▶ [Exercise]
Please quote exactly the lines below from the line containing "Мы провели измерения" to the line containing "Uusi lämmityslaitteen puhallin", both lines included, and nothing else.

▶ [Given records]
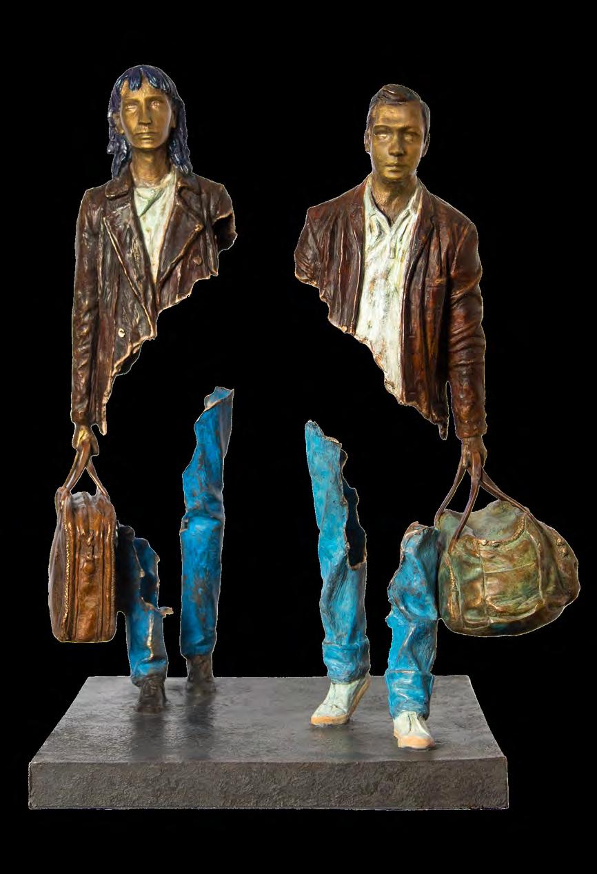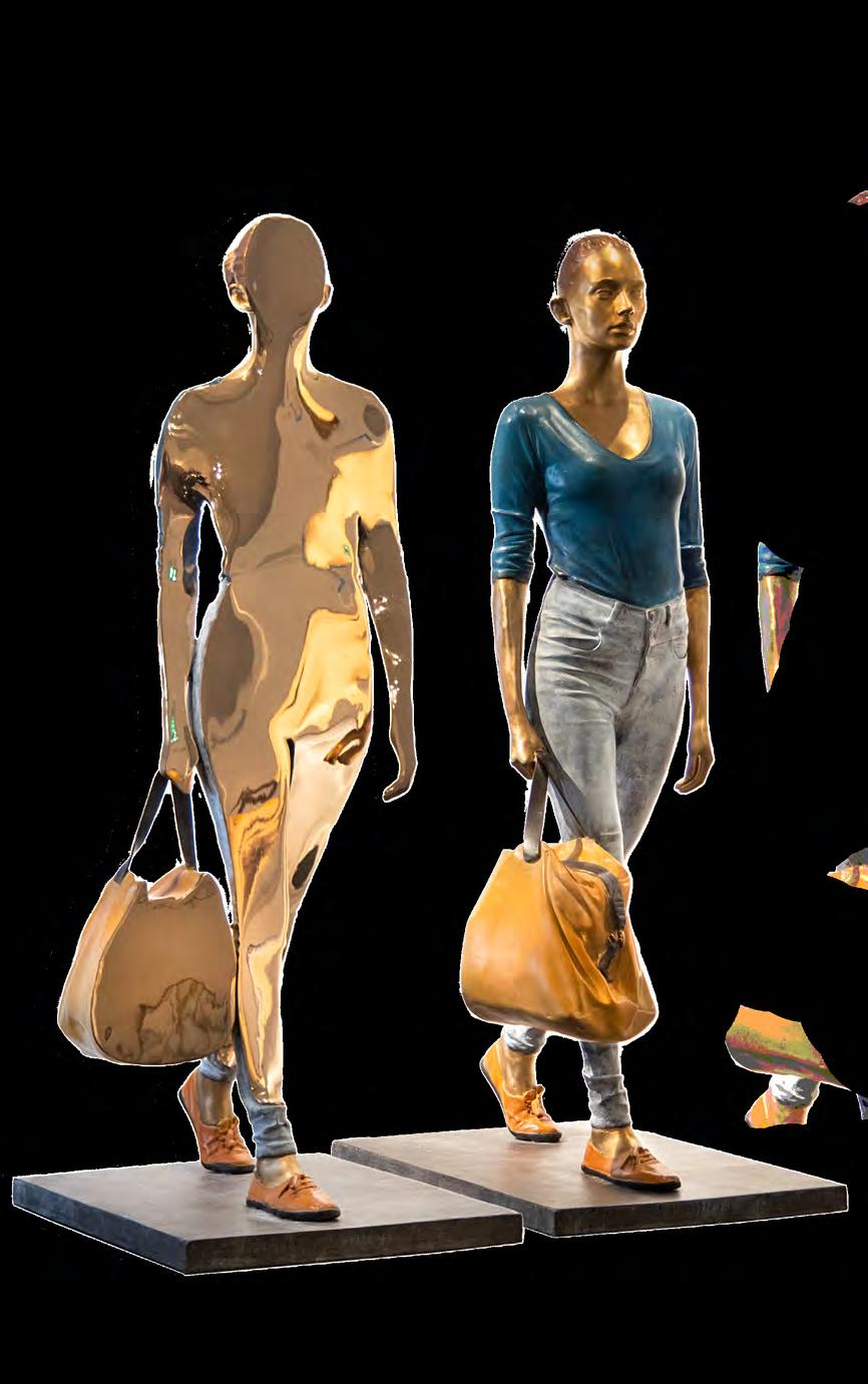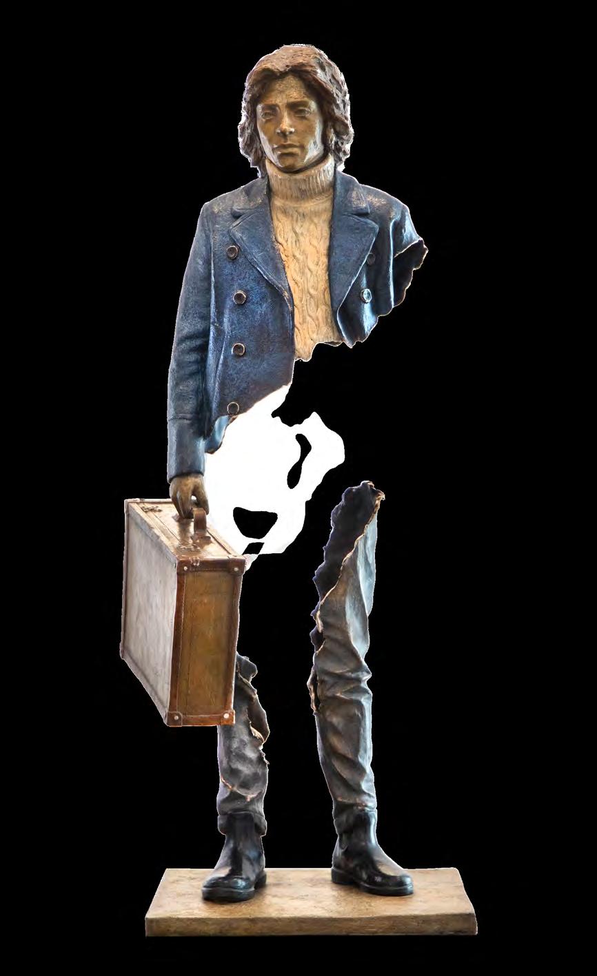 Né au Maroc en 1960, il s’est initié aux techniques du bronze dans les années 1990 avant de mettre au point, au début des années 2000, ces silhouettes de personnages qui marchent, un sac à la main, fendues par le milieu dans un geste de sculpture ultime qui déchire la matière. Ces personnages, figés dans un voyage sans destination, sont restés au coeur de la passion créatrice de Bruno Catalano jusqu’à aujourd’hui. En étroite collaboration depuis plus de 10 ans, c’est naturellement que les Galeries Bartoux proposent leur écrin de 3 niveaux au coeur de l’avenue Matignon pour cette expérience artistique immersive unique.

==

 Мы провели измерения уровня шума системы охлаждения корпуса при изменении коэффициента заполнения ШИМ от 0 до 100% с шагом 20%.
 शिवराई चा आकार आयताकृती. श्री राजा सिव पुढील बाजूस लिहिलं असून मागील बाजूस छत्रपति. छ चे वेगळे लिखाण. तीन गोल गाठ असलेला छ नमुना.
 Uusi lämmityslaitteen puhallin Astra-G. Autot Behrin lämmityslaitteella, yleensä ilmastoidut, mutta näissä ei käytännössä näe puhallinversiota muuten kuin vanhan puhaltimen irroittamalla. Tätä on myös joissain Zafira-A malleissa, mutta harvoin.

▶ [Response box]
 Мы провели измерения уровня шума системы охлаждения корпуса при изменении коэффициента заполнения ШИМ от 0 до 100% с шагом 20%.
 शिवराई चा आकार आयताकृती. श्री राजा सिव पुढील बाजूस लिहिलं असून मागील बाजूस छत्रपति. छ चे वेगळे लिखाण. तीन गोल गाठ असलेला छ नमुना.
 Uusi lämmityslaitteen puhallin Astra-G. Autot Behrin lämmityslaitteella, yleensä ilmastoidut, mutta näissä ei käytännössä näe puhallinversiota muuten kuin vanhan puhaltimen irroittamalla. Tätä on myös joissain Zafira-A malleissa, mutta harvoin.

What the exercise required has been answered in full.